Старшой дядя всё сокрушался, винился всем и каждому: ну не знал он ничего о Гульке, только удивлялся, отчего ж молодая девка такая имливая с самого первого разу. Клял свой уд и обещал стать лесовиком-ушельцем.

А Ешка, вновь оказавшись в родной избе, которая стала такой пустой и просторной, вдруг загрустила и по охальнице Гульке, и по сердитому старшому дяде.

Но долго тосковать не пришлось: родился брат, потом другой, меньшой дядя привёл новожёнку, и горохом из рваного подола посыпались племянники. Ешка волчком крутилась в избе: варила, мела, полоскала свивальники, качала две зыбки разом, пела, баюкала, таскала воду. А ещё училась чесать лён, прясть, ткать и шить, почитать Род и жить в Яви так так, чтобы не обидеть ни Навь, ни Правь.

Был ещё Бог-на-кресте, которого заставляли уважать княжьи люди, но в Ешкином селе его не приняли. С князем не потягаешься, вот и навесили на шеи шнурки с фигурками, а в избу не всякий пустил.

Когда ей пошёл седьмой годок, Ешку взяли в поле -- полоть репу. Работа так и прильнула к её рукам, будто не впервой продёргивать ростки.

- Глянь-ко, у неё руки ровно грабли, - услышала Ешка далеко за спиной шёпот дядиной жены. - Так и снуют. Умелая девка. Не бывает такого в её лета.

- Смотри, не сурочь! [сурочить -- сглазить] Везде поспевает, - с тревожной гордостью ответила мать.

- Поди, домовик ей зыбку качал, - с завистью молвила тётка.

А Ешка, перебирая ловкими пальцами листья репы, тягая за зелёные вихры сорные травки, будто не приняла похвалы. Вспомнила, как к ней приходила бабка Шушмара.

И такой тоской зашлось сердце, что с носа закапало -- не то пот, не то слёзы. Вот не погнали бы из избы старуху, не поддалась бы Огненному Змею Гулька, не ушёл бы в леса старшой дядя... Была б у неё сейчас сестра-помощница. Или брат-защитник... Малые-то когда ещё подрастут.

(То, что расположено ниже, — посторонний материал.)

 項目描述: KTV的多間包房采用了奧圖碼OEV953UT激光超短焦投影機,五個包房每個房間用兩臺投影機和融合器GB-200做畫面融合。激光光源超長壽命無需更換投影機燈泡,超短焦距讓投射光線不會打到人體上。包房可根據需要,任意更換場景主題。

Ай! Ветхий, расползшийся лапоть не защитил большой палец ноги, и Ешка поранила его не то о камешек, не то о деревяшку. Из-под ногтя выступила кровь.

Ешка плюхнулась на задницу, обхватила ногу - беда! Ноготь, конечно, сойдёт. И болеть будет долго. Перевязать бы чем. Нет, мать звать не нужно -- даст затрещину и отругает. Тяте нажалуется.